The third of the three leading firms in the Chinese oil and gas industry, Asia's largest refiner, China Petroleum & Chemical Corporation, otherwise known as Sinopec (SNP) posted a significant decline in first half yearly profits for the current year. The company recorded a drop in net income of 41%, which now stands at $3.9 billion, while its turnover also dropped by 6.2% to $7.3 billion. All of this beat analyst expectations, however.
China's other two leading oil and gas companies CNOOC ltd. (CEO) and PetroChina (PTR) also recorded drops in profits year over year in the second quarter. The market had priced most of this in as the stock fell just by 1.8% in Hong Kong on the news but rallied in New York slightly after the earnings announcement. Since the beginning of the current year, Sinopec's stock has fallen by 9.2% in New York and 17.9% in Hong Kong, while SPDR S&P 500 ETF (SPY) has risen by 12.8% and Hang Seng Index has been flat (0.61% up) for the year so far.
While Sinopec has made improvements in cost control, it continues to suffer due to the lack of fuel pricing reforms. In other words, due to price capping, the oil refineries in China cannot transfer the burden of the increase in crude oil prices to the final consumer. This is why Sinopec has been hit the hardest as it generates a much higher proportion of its revenue from refining.

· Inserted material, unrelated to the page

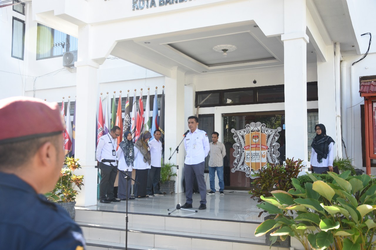 KIP Banda Aceh News – Komisi Independen Pemilihan (KIP) Kota Banda Aceh melaksanakan Apel Pagi dengan Pembina Sekretaris KIP Kota Banda Aceh, Erminzal di Halaman Kantor KIP Kota Banda Aceh, Senin (16/10/2023).

Sinopec's core area of operation is downstream refining and since the Chinese government's fuel pricing policies are aimed at keeping a lid on inflation, all of the refiners have been doing so at a loss. Sinopec's parent, PetroChina, lost $3.65 billion that it recorded from refining 490 million barrels of oil in the first half of the current year. Sinopec, on the other hand, refined 811 million barrels of oil (65% more than PetroChina) in the same period with a lower refining loss of $2.9 billion. Some analysts have called into question the accounting in the discrepancy, but at face value, this implies that if and/or when the Chinese government revises the pricing system for downstream fuels that Sinopec's refining division will return to profitability faster.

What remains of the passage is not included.